The petition stated the name and address of the obligor; it alleged appellant’s paternity of Quartasha, his duty to support her and the finding of those facts by a 1973 North Carolina court proceeding; it stated the date of birth of Quartasha and the fact that the North Carolina court had entered appellant’s name upon her birth certificate; and it stated that appellant had supported her from 1973 to 1976, at which time he ceased paying support monies. The petition further contained a list of monthly expenses required for support which was in the sum of $306.41. The petition was duly verified under oath dated April 11, 1983. The assertions made in the petition are in accord with the requirements of Code § 20-88.21.
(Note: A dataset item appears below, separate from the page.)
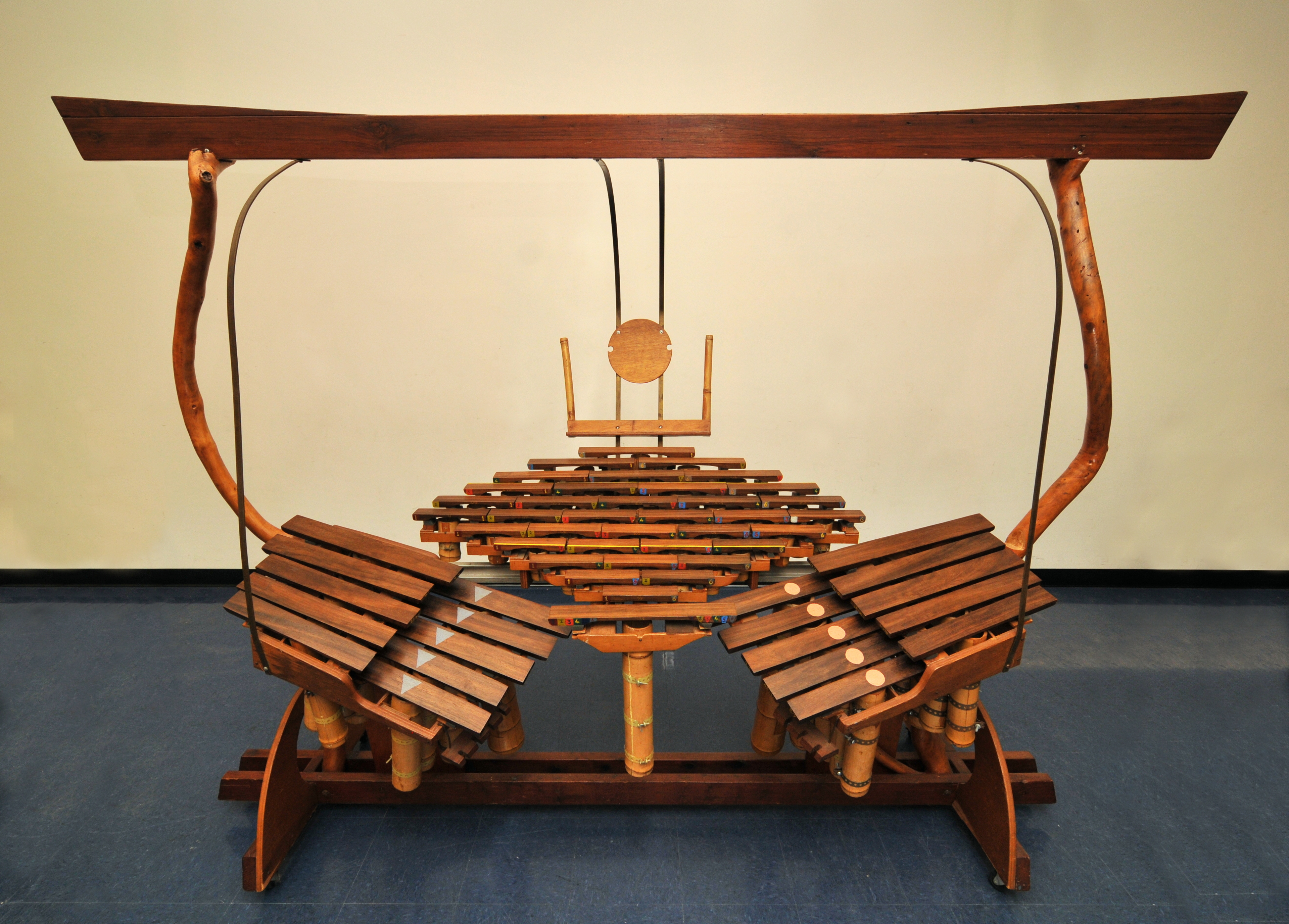 Harry Partch's Quadrangularis Reversum, a large marimba with several ranks of blocks tuned in his system of just intonation. Photographed at the Harry Partch Institute at Montclair State University.

The record contained a copy of the order of the North Carolina court which had found appellant to be the father of Quartasha with the duty to support her. It further disclosed that a local court support worker briefly reviewed the allegations made in the petition. At the hearing in the trial court, the appellant testified that he is forty-one years old; that he has been employed by a Newport News shipyard for approximately eight years and earns about $300.00 per week; that he knows Quartasha’s mother; that although the North Carolina court declared him to be the father he, in fact, is not; that although he noted an appeal of that decision, he withdrew the appeal and supported Quartasha for about two years. After appellant testified in the trial court both sides rested.
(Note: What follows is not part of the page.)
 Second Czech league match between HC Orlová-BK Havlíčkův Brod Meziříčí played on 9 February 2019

In his argument to the trial court, appellant’s counsel did not contest the validity of the order declaring appellant to be Quartasha’s father. He made no motion concerning the evidence except to assert that since the affidavits contained in the petition were made more than two years prior to the hearing, the petition should not be considered as evidence in this cause. There is noth*76ing in the URESA statutes which prescribes a time limit between the execution of the petition or accompanying affidavits and the trial. We have been referred to no authority that requires a limitation and we have found none. The Revised Uniform Reciprocal Enforcement of Support Act, being remedial in nature, should be liberally construed so that its purpose of providing support for dependent children may be achieved. Scott v. Sylvester, 220 Va. 182, 185, 257 S.E.2d 774, 776 (1979). If there is to be a time limitation on supporting affidavits, it is a matter for declaration by the legislature not the courts.

After hearing argument, the trial court declared the URESA petiton “to be in good shape,” accepted the North Carolina court’s order and approved an agreement between counsel as to an amount to be paid for support.

We hold that the trial court properly upheld the URESA petition as a basis upon which to proceed against the appellant, and that the evidence supported its order.

Accordingly, finding no error in the judgment appealed from, that judgment is

Affirmed.

Barrow, J., and Hodges, J., concurred.

Codified in Code §§ 20-88.12 through 20-88.31.